#COVID-19Inequalities! ‘We're Locked-down but others are Locked-out’: Lock-downs and the Plight of Freetown's Homeless

May 18, 2020

Tanzila Sankoh giving out freshly cooked meals to the homeless in Freetown during lock-down ©UNDP Sierra Leone.

#Humanity matters.

It is Ramathan. She is observing. 

Earlier on that evening, the president announced another three-days of lock down. Her heart is unsettled because there are some people going to be locked out. Not locked out from homes, no, because they don’t have homes. So, they are locked out from means of survival - basic, yet very important for life and livelihood.

This was one of our staff Ms. Tanzila Watta Sankoh – Team Lead of the ‘Sustainability and Inclusive Local Economic Development’ cluster in Sierra Leone on the night of May 2nd, 2020. 

Having observed the suffering of the homeless and helpless street dwellers of Freetown during the last lock-down, Tanzila decided to do something as a person, as a human being, as a daughter of the soil-Sierra Leone, and, as a staff member of the United Nations. 

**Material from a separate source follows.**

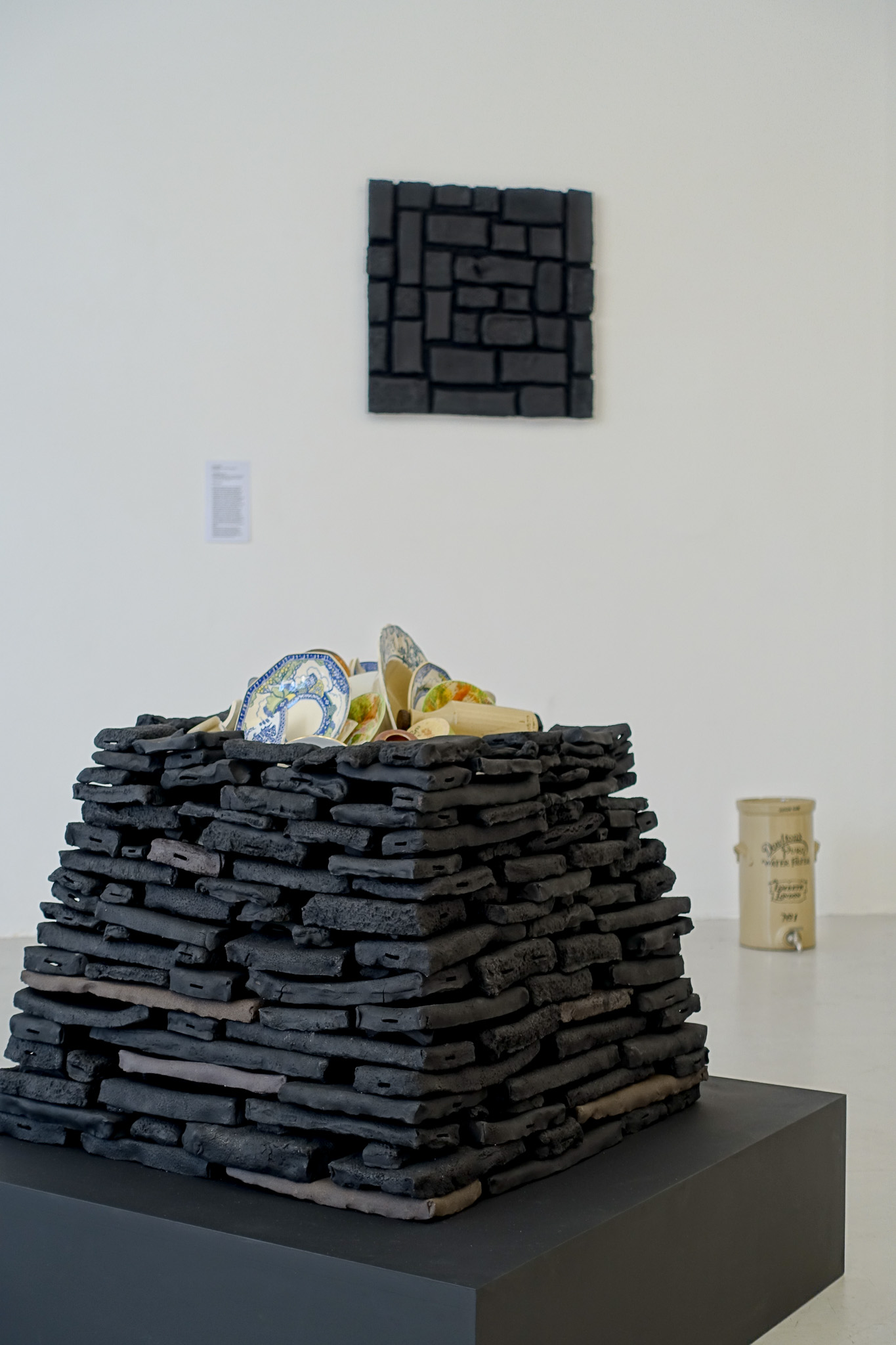 clay, paint, vintage plates and shards (including some mudlarked shards), vintage salt glazed containers, 60 x 60 x 80cm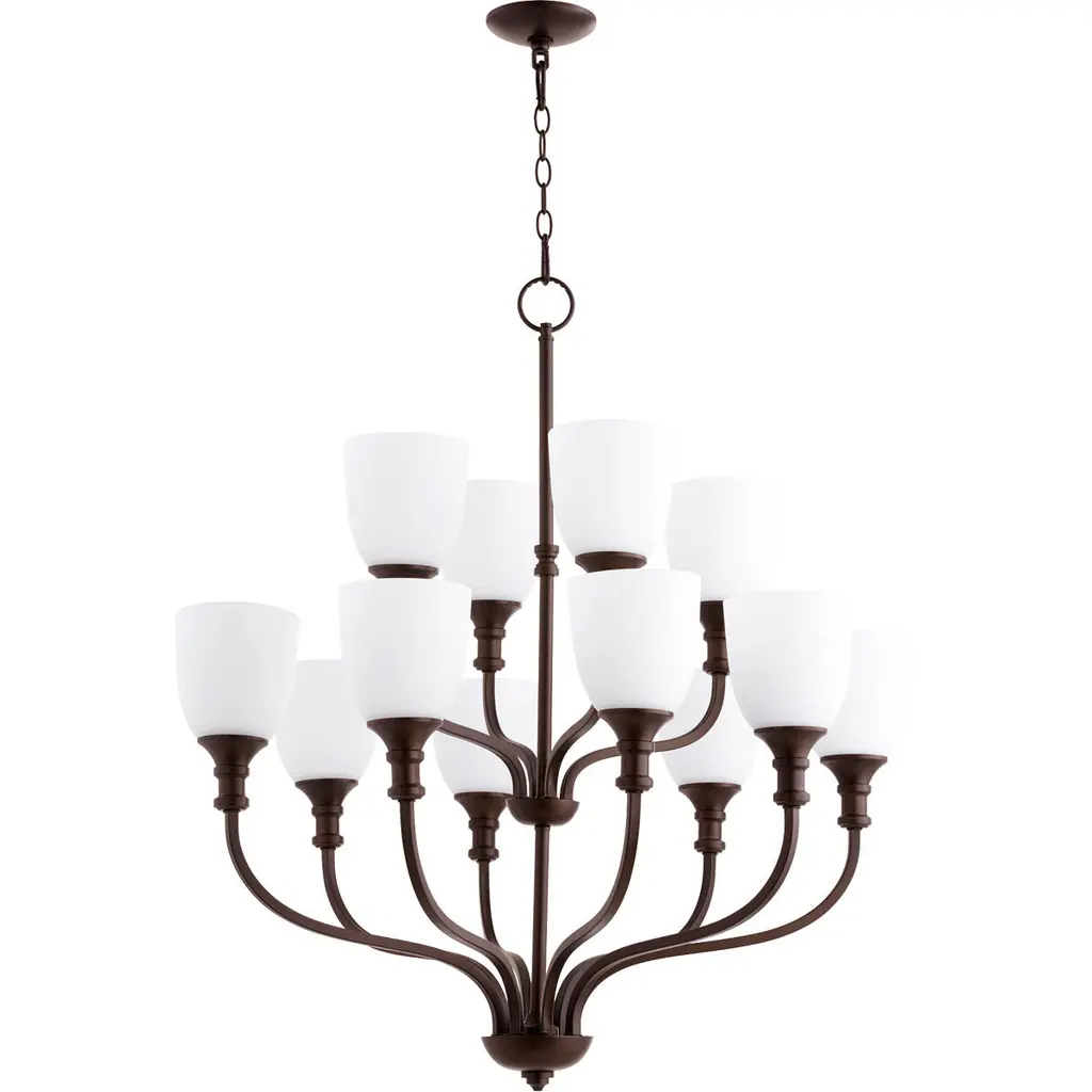 Enclave 9 Light 27 Inch Oiled Bronze Chandelier Ceiling Light In Satin Opal

What can I do? What could we do? Yes, the UN through World Food Programme (WFP) is already providing food relief to vulnerable people through the Government of Sierra Leone but, few if any of these people [street dwellers] would have accessed this food given their circumstances and societal attitudes towards them. And, if they do get the dry foods, how will they have it cooked? They are homeless! These thoughts boggled her mind.

I, We must do something!

At around 4:00AM she decided to start calling (and texting when they never picked up) fellow staff members to join her and UNDP’s efforts to not leave the homeless behind during the lockdown. It may not be much but the gestures is what matters most…showing that we care and that we are together in this matters a lot more. Just come and support” she would tell half-sleepy colleagues on phone. By the break of dawn, she had some staff and members of “our good old friends” the One family People (OFP) – a civil society organization that advocates for the rights of Persons With Disabilities with her. Together they quickly pooled resources and organized freshly cooked meals and drinking water which they served to over 300 homeless people, persons with disabilities and street children in Freetown. 

“It is sad to see that there are people out here with nothing to survive on during the lock-down. With this gesture, we would like to ease both the physical and emotional impacts of the 3-day national COVID-19 lockdown on the homeless”. Tanzila Sankoh.

Moved by the outcome of the action, the UNDP Resident Representative Dr. Samuel Doe said, “we would like to continue helping out in this area not just as a one-off but more often during this pandemic more especially during the lock-downs.”

Indeed, Ms. Tanzila is set to continue providing meals for the homeless and helpless in Freetown…”if I had it in my powers I would do it for the entire country’s homeless because Freetown is not Sierra Leone, we have so many people on the streets, many with disabilities from the Civil War, others are even Ebola orphans.”

While dry food items are being distributed to vulnerable communities and individuals as part of the national response to COVID-19, the ‘wet-feeding’ approach is an intervention are yet to venture into. Tanzila is currently soliciting funds to scale-up the ‘act of kindness’ in the event of another lock-down. 

“It truly leaves no one behind because it caters for those society has forgotten like those with mental illnesses who will not get the dry foods because they are not accounted for, in our world they are invisible and ostracized, yet they are also people. Thanks to UNDP for this thoughtful act of kindness.” Edward Emmanuel, team Leader, One Family People.